Virginia Woolf meets Sigmund Freud

Canvas Issue 18 by Julia Briggs

photoThe following is an edited version of the talk given by Julia Briggs at the Charleston Festival in 2006.

My title suggests that old-fashioned game of ‘Consequences’ we used to play as children:

Virginia Woolf met Sigmund Freud on: The 28th of January 1939 at 20 Maresfield Gardens. She said to him: We have often felt guilty – if we had failed to win the Great War, perhaps Hitler would not have been. He said to her: It would have been infinitely worse if you had not won the war. She gave him: Her close attention. He gave her: A narcissus. And the consequence was: She finally read his work. And the whole world said…but no doubt the whole world had other things to worry about in January 1939.

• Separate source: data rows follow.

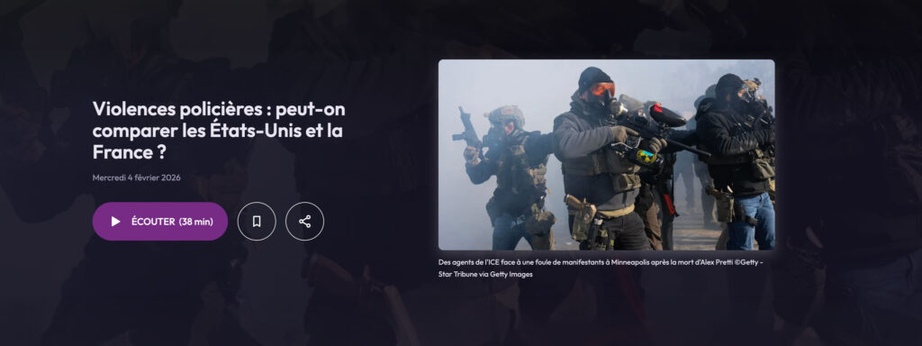 « Violences policières : peut-on comparer les États-Unis et la France ? », sur France Culture. La ville de Minneapolis vient d’être le théâtre de deux bavures, des agents de la ICE tuant froidement Renee Nicole Good et Alexis Pretti. En France, une nouvelle fois, un homme, El Hacen Diarra, est mort dans un commissariat. D’un côté de l’Atlantique, les bavures ont été suivies d’une mobilisation populaire spectaculaire, de l’autre, rien. Pourquoi ? Fabien Jobard, directeur de recherches au CNRS, Yann Philippe, maître de conférences en histoire et civilisation américaines et Frédérique Sandretto, américaniste, s’interrogent sur les différences et similitudes entre les polices américaines et françaises, leurs approches plus ou moins démocratiques, le caractère systémique de la violence armée aux États-Unis (autant d’armes que d’habitants et l’un des taux d’homicides les plus élevés des pays du Nord).
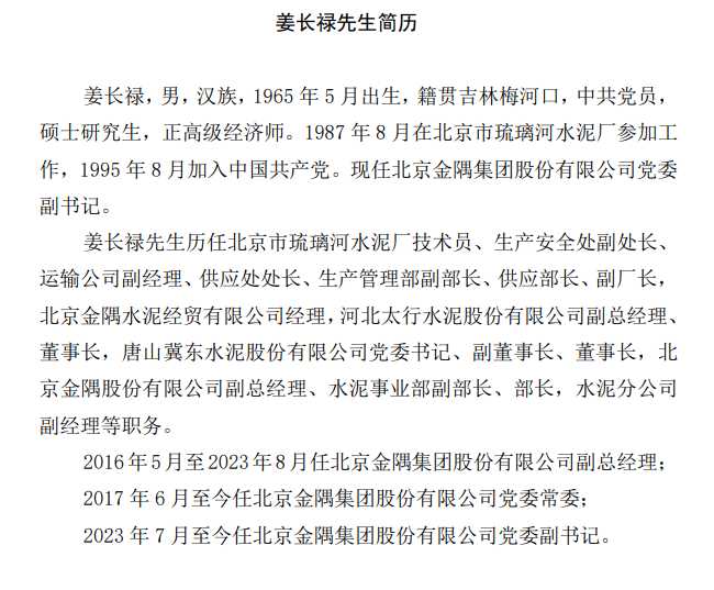 據水泥人網了解,自今年2月原總經理姜英武出任金隅集團董事長之后金隅集團總經理便一直空缺。
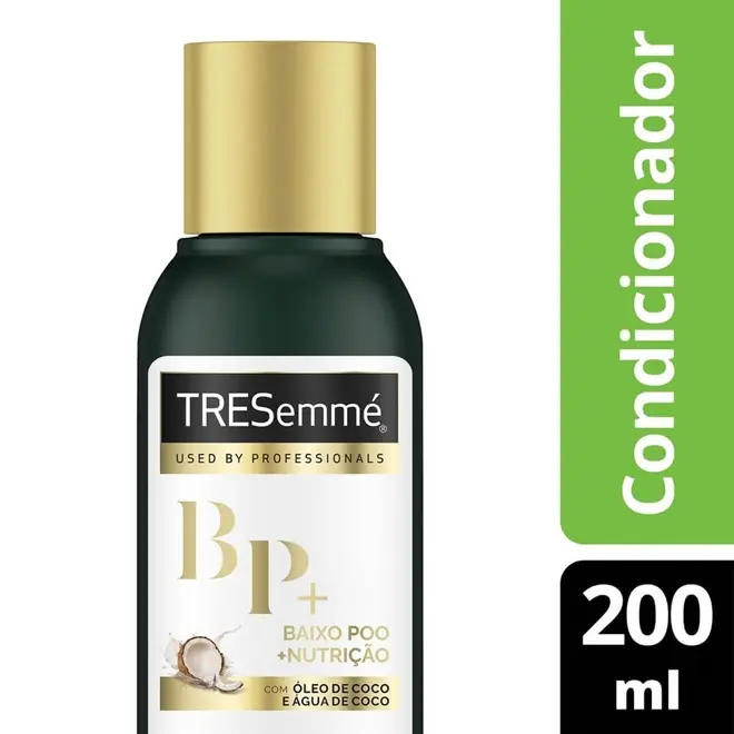 DESCRIÇÃO DO PRODUTO: O que é: O Condicionador Tresemmé Baixo Poo + Nutrição nutre e revitaliza a beleza natural dos seus cabelos. É ideal para quem busca produtos menos agressivos e mais suaves, pois sua fórmula é livre de silicones, parabenos e corantes. Para que serve: Possui fórmula enriquecida com Óleo de Côco e Água de Côco e deixa seus cabelos sempre nutridos, saudáveis e revitalizados. Pode ser usado todos os dias e é indicado para cabelos normais a secos. Modo de Usar: Após o shampoo, aplique o condicionador no comprimento dos cabelos, evitando a raiz. Com a ajuda dos dedos, vá desembaraçando os fios aos poucos, para deixá-los bem soltos e macios. Você vai perceber como a tecnologia TRES-Complex deixará essa etapa ainda mais fácil. Enxágue bem.

photoSigmund Freud was born on 6 May 1856. Virginia Woolf, born almost a quarter of a century later in 1882, grew up in a world that had not yet changed unrecognisably, and both would draw on their memories of life in nineteenth-century, educated, middle-class, patriarchal families as a way of understanding themselves and their society. But they were also divided — not only by that crucial quarter of a century but also by sexual difference, so that the opportunities available to them were very different, and as a result they held substantially different views. For Freud patriarchy constituted an optimal order, so that the coming of the Second World War was symptomatic of its breakdown; for Woolf, patriarchy was a dangerous system in which the tyrannical father corresponded to the tyrannical ruler: it contributed to wars and had to be left behind. Despite substantial and irreconcilable differences, Freud and Woolf shared many values and some experiences; they belonged to and were the products of the same cultural moment.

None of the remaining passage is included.